[HN Gopher] Unicode shenanigans: Martine A(c)crit en UTF-8
       ___________________________________________________________________
        
       Unicode shenanigans: Martine A(c)crit en UTF-8
        
       Author : 082349872349872
       Score  : 46 points
       Date   : 2024-10-05 18:51 UTC (3 days ago)
        
 (HTM) web link (blog.poisson.chat)
 (TXT) w3m dump (blog.poisson.chat)
        
       | keybored wrote:
       | Martine A(c)crit thought she was an ugly duckling.

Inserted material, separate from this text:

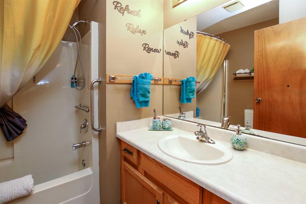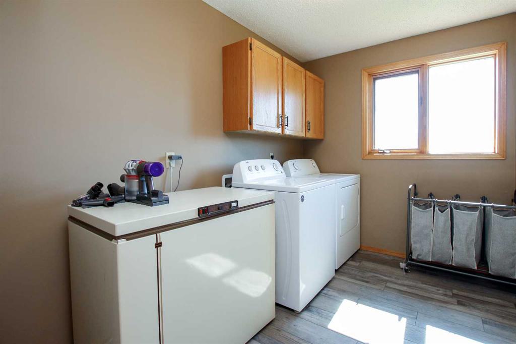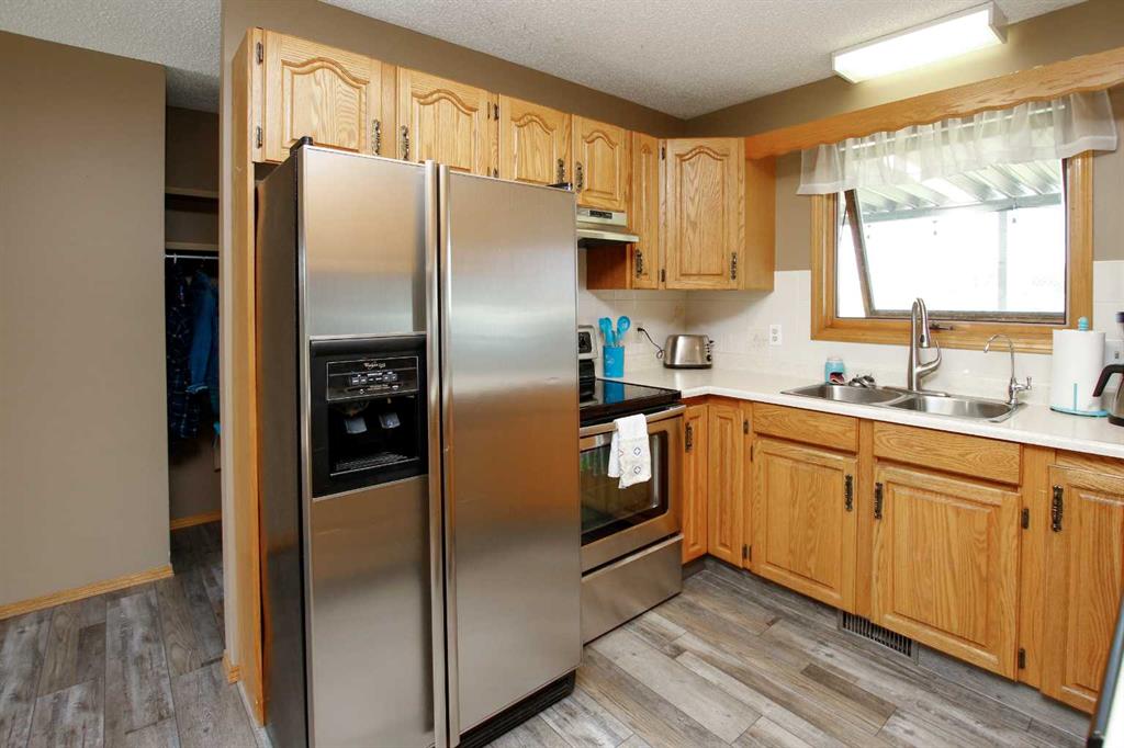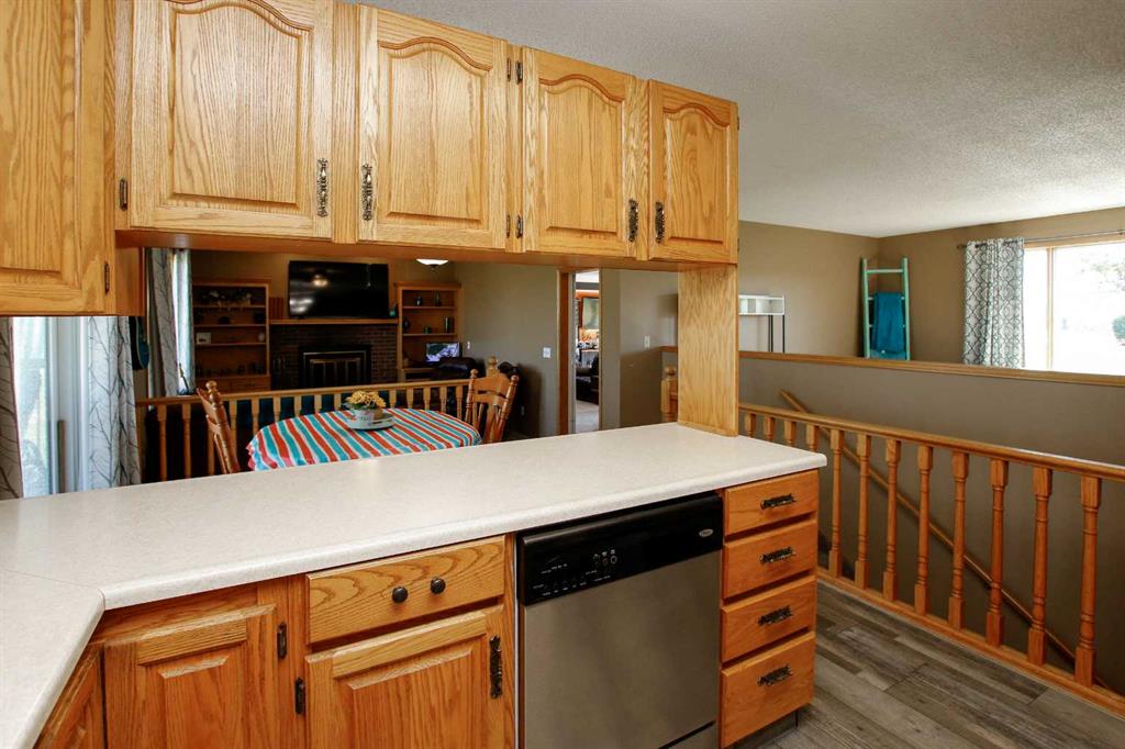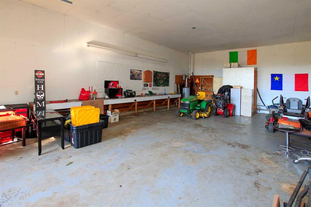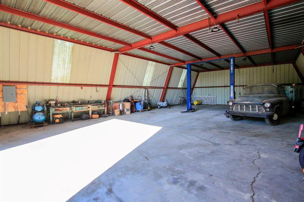 IMMEDIATE POSSESSION AVAILABLE ~ FULLY DEVELOPED 3 BEDROOM, 3 BATHROOM BUNGALOW ON 3.1 ACRES JUST MINUTES WEST OF RED DEER W/PAVEMENT TO THE DRIVEWAY ~ HEATED DOUBLE ATTACHED GARAGE, HEATED 44' x 24' SHOP & 60' x 40' QUONSET W/HOIST ~ Pride of ownership is evident in this well cared for home with many recent upgrades and renovations including: High efficiency furnace (2010); plumbing lines, copper wiring, hot water tank, Asphalt shingles (2015), water filtration system (2018); rebuilt deck (2020); WETT certification for wood burning fireplace (2021); professionally painted walls and epoxy flooring in attached garage (2022); electrical panel replaced, salt water hot tub (2023); vinyl plank flooring, carpet, paint, asbestos removed via professional abatement (2025) ~ Large u-shaped driveway with two entry points and a landscaped front yard bordering Sylvan Creek welcome you ~ A spacious entry opens to the living room that features a large picture window overlooking the front yard ~ The u-shaped kitchen offers a functional layout with plenty of light stained oak cabinets, full tile backsplash, ample counter space and a west facing window above the sink with views of the deck and yard ~ Easily host gatherings in the dining room with sliding patio doors to the covered west facing deck with unobstructed country views ~ The family room has large windows overlooking the backyard, built in cabinets with display shelving, and a cozy wood burning fireplace with a brick surround, raised hearth and a mantle ~ The primary bedroom can easily accommodate a king size bed, has ample closet space ~ Convenient cheater door from the primary bedroom leads to a 2 piece bathroom with easy access to the covered deck and hot tub ~ Second main floor bedroom is also a generous size ~ 4 piece main bathroom ~ Laundry is located in it's own room with built in cabinets and a large window that fills the space with natural light ~ The fully finished basement with underfloor heat. offers tons of additional living space with two large family rooms, a 3 piece bathroom with a walk in shower, 3rd bedroom, a large utility room and ample storage space ~ Other great features include; Central air conditioning, water softener, water filtration system, reverse osmosis ~ The double attached garage has been professionally finished and transformed into a Harley Davidson themed man cave with a pool table and TV wall mounts ~ outside there is a large covered deck with unobstructed views, a salt water hot tub, and tons of outdoor space with over 3.1 acres with rows of mature trees, a fire pit area and RV hook ups ~ 60' x 40' quonset with an engine hoist and a 44' x 24' heated shop offer tons of additional parking ~ Located just minutes west of Red Deer on Burnt Lake Trail, with pavement to the driveway

In reality she
       | was a UTF-8 swan.
        
       | netsharc wrote:
       | When UTF-8 wasn't univeral (geez, I'm old... It was still this
       | century though!), a page I found to figure out what was going on
       | when I encountered Mojibake is: http://www.jeppesn.dk/utf-8.html
       | . Amazingly it hasn't suffered linkrot and is still online.
       | 
       | And I fully agree with footnote 2, why is an extended Unicode
       | character being used in place of the apostrophe?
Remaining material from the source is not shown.